Of course, people often fail to lead their lives according to tidy legal rules. Lawyers are often quick to insist that they have a new take on long-established principles. Sometimes the law moves — but usually very slowly. For the time being, here’s the most important thing about your retirement savings: the IRA beneficiary designation will decide who receives your account.

John Fairbanks and his IRA

In 2001, John Fairbanks married Eva. He was about to receive a distribution from his employer-sponsored retirement account. He had two sons from earlier marriages.

A year later, John took his retirement distribution and rolled it over into a new IRA account. He designated his wife Eva as the primary beneficiary.

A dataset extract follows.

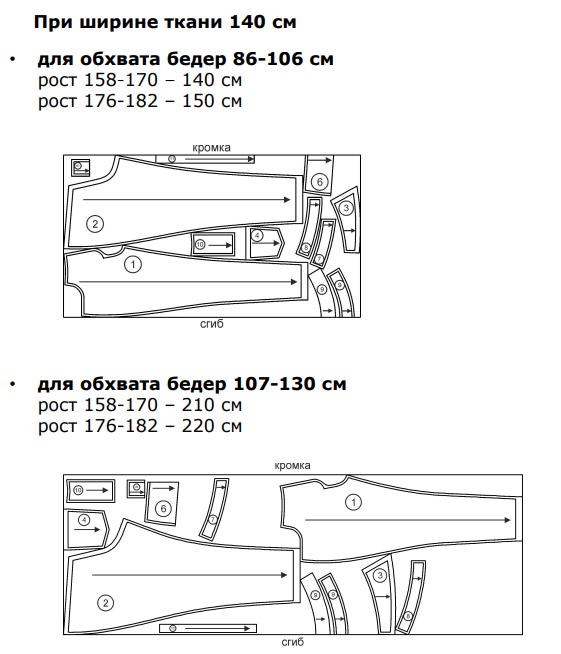 • Основная ткань (см. раскладка и расход материала)

By late 2012, John and Eva’s marriage was in some trouble. John contacted the financial institution and asked to change his IRA beneficiary designation. He wanted to name a trust he had established to receive the IRA proceeds on his death. The financial institution told him that they would not make any changes without his wife’s consent. He apparently never followed up.

Shortly after that contact, Eva filed for divorce. Neither John nor Eva did anything after that to get the divorce finalized. When John died two years later, they were still married — and Eva was still named on John’s IRA beneficiary designation form.

The probate proceeding

Eva filed a petition with the Arizona probate court, asking to be appointed as personal representative. John’s two sons objected; they filed his last will and his trust, which made clear that they were to be beneficiaries of John’s estate. The real dispute, though, was over the IRA beneficiary designation.

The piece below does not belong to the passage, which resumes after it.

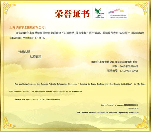上海华维与世博同行荣誉证书

John’s sons insisted that he had tried to change the beneficiary on his IRA to name his trust, and that his estate planning documents confirmed that intention. The probate court ruled that it did not matter; when John died, his named beneficiary would receive the entire IRA account.

Wait a minute, argued the sons. Because Arizona is a community property state, shouldn’t John have had a community property interest in his own IRA? Shouldn’t at least half of it be subject to his estate planning documents?

No, ruled the probate court. The IRA beneficiary designation was a non-testamentary transfer, and John’s will and trust were irrelevant. An earlier Arizona case talking about the surviving spouse’s community property interest in an IRA account was unhelpful for John’s sons’ argument.

The Court of Appeals agrees

John’s sons appealed the probate court ruling. Last month, in an unpublished decision, the Arizona Court of Appeals agreed with the probate judge.

IRA beneficiary designations generally control distribution of an IRA, said the appellate court. There are some limited exceptions (like a completed divorce), and the surviving spouse might have a community property interest in the IRA. But that doesn’t mean that the beneficiary designation can be overruled. After his death, John did not retain a community property interest in his own IRA. The IRA beneficiary designation, once again, rules. Matter of Estate of Fairbanks, February 19, 2019.

What could John have done differently?

Let’s imagine that someone in John’s position really, really wants to change the beneficiary from his spouse to his trust (or his children, or anyone else). Could he have accomplished that goal?

We might start with the IRA custodian. Why did they refuse to change the beneficiary designation unless John’s wife consented?

Because they worried that she might have a community property interest in the account. If they allowed John to make the change, they might be setting themselves up for a legal fight later, when she claimed that the account should have gone to her. That earlier Arizona case might have protected the custodian, but they are more interested in avoiding litigation than in winning it.

Could John have moved his IRA to another custodian who would let him make the change? Perhaps. But he apparently just let the matter drop. If changing the IRA beneficiary designation was important to him, he should have consulted a lawyer familiar with divorce proceedings and worked through his options.

Another choice would have been to get an agreement from Eva, his wife. Might she have agreed to a beneficiary change? Perhaps — especially if was something else equally important to her.

Finally, John might have completed the divorce itself. The divorce decree should resolve ownership of the IRA — and the beneficiary designation.

But wouldn’t Eva have been entitled to half of John’s IRA? Not necessarily. Just because Arizona is a community property state, it does not follow that all assets are jointly owned. From the Court of Appeals’ recitation of facts, it sounds like John’s IRA was probably his separate property, earned before the marriage.

The moral, as we’ve said before: beneficiary designations rule. Except, of course, when they don’t.